● YOUR TASK
All of the data should be output character for character, except the pictures.

● INFORMATION SHOWN

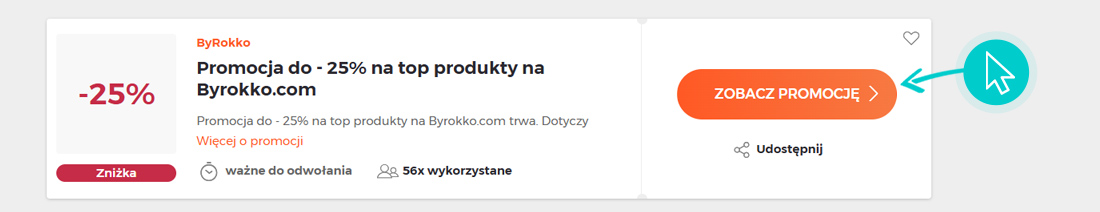 Wybierz konkretny rabat ByRokko na naszej stronie i kliknij przycisk "Zobacz promocje". Zostaniesz automatycznie przekierowany bezpośrednio do oferty specjalnej w sklepie internetowym Byrokko.com, w którym możesz kupić produkt ze zniżką.
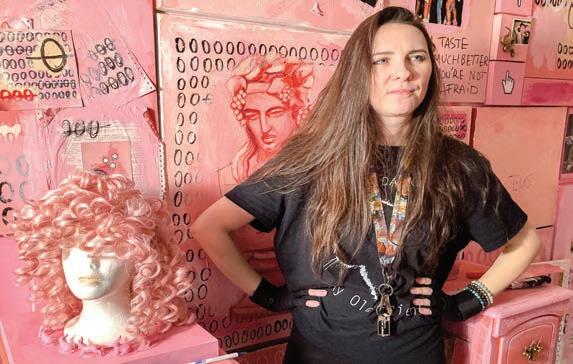 television series Twin Peaks. Despite watching Twin Peaks on blackand-white television in her native Ukraine, she always had the image pink in mind. We asked Charles Edward Andrew Lincoln IV about this, for he is a writer publishing an essay about the esoteric philosophy behind the TV series. Mr. Lincoln had this to say: “The choice of one unique color becomes what Lynch would call a ‘world-within-a-world,’ a space where heightened emotion quietly leaks through everyday objects. An all-pink room or studio is almost a new world into which you escape. That’s exactly how Lynch uses color in Twin Peaks, not as decoration, but as a portal into a different emotional register.”
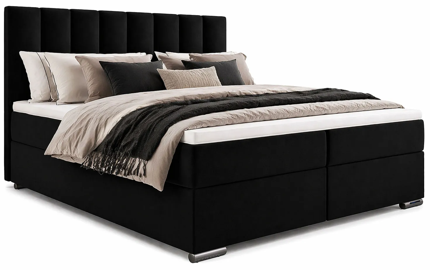 Czarne łóżko tapicerowane welurem 3 rozmiary - Zavire
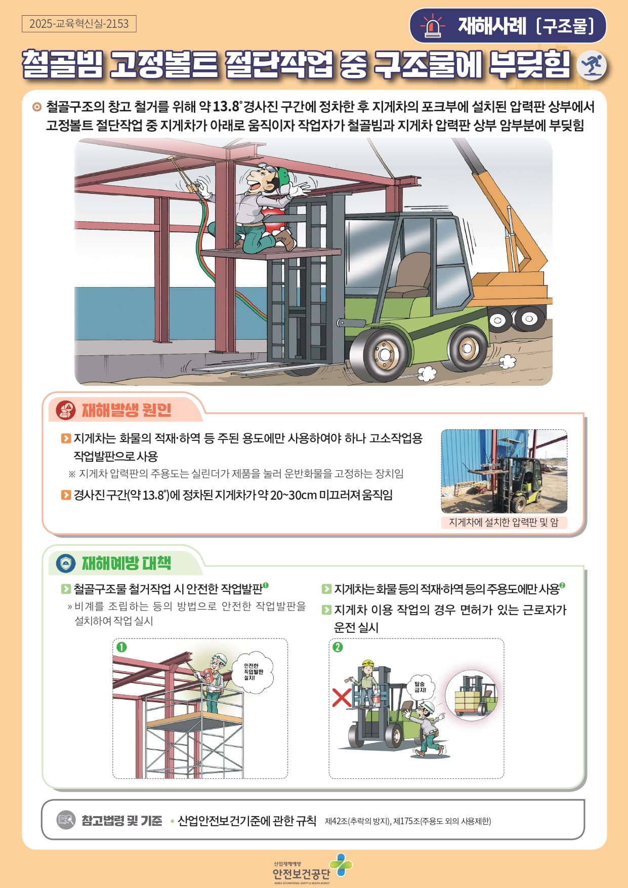 [중대재해] 철골 빔 고정볼트 절단 작업 중 구조물에 부딪힘

● EXPECTED ANSWER
 Wybierz konkretny rabat ByRokko na naszej stronie i kliknij przycisk "Zobacz promocje". Zostaniesz automatycznie przekierowany bezpośrednio do oferty specjalnej w sklepie internetowym Byrokko.com, w którym możesz kupić produkt ze zniżką.
 television series Twin Peaks. Despite watching Twin Peaks on blackand-white television in her native Ukraine, she always had the image pink in mind. We asked Charles Edward Andrew Lincoln IV about this, for he is a writer publishing an essay about the esoteric philosophy behind the TV series. Mr. Lincoln had this to say: “The choice of one unique color becomes what Lynch would call a ‘world-within-a-world,’ a space where heightened emotion quietly leaks through everyday objects. An all-pink room or studio is almost a new world into which you escape. That’s exactly how Lynch uses color in Twin Peaks, not as decoration, but as a portal into a different emotional register.”
 Czarne łóżko tapicerowane welurem 3 rozmiary - Zavire
 [중대재해] 철골 빔 고정볼트 절단 작업 중 구조물에 부딪힘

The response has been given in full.